One of the things I recommend to newbies is to avoid looking at the super detailed, super artificially colored pictures and go to "Turn Left at Orion" for realistic representations of what they will see.
I am into this for a year and having a grand time. For me the WOW factor is not how pretty it is but that I can see it at all. My sky is very light polluted. Whole sections of the sky are blank to the naked eye. And yet, with the telescopes I can see things that are millions of trillions of miles away.
The Milky way is a rumor I have heard but never seen.
Sometimes I run a calculation in my head about distance. If this thing is 100 light years away and each light year is 5.8 trillion miles, that is 580 trillion miles, and I can see it.
At 200X it now looks like it is ONLY 290 trillion miles away.
Mars is roughly 50 million miles away right now. At 200X it looks like it is 2.5 million miles away. Maybe that's why I can't see a lot of surface detail.
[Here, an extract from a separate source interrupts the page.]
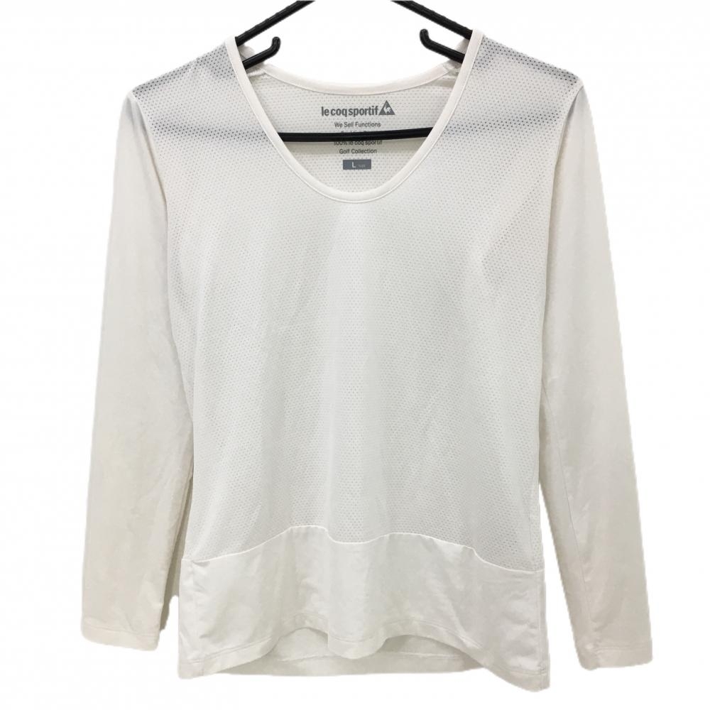 - 【超美品】ルコックゴルフ インナーシャツ 白 一部メッシュ地 袖ロゴプリント レディース L ゴルフウェア le coq sportif

The Moon is 250,000 miles away. At 300X it looks like it is 833 miles away. Could I see a car or a flag at 833 miles?
Guess that is why I can't see the lunar rover the Apollo teams left behind.
But when I look off into that blank sky with binoculars or a telescope and discover amazing things, that is exciting. GoTo and PushTo computer assist has been a great help in this respect as there is not a lot for me to align on with a Telrad or a red dot finder.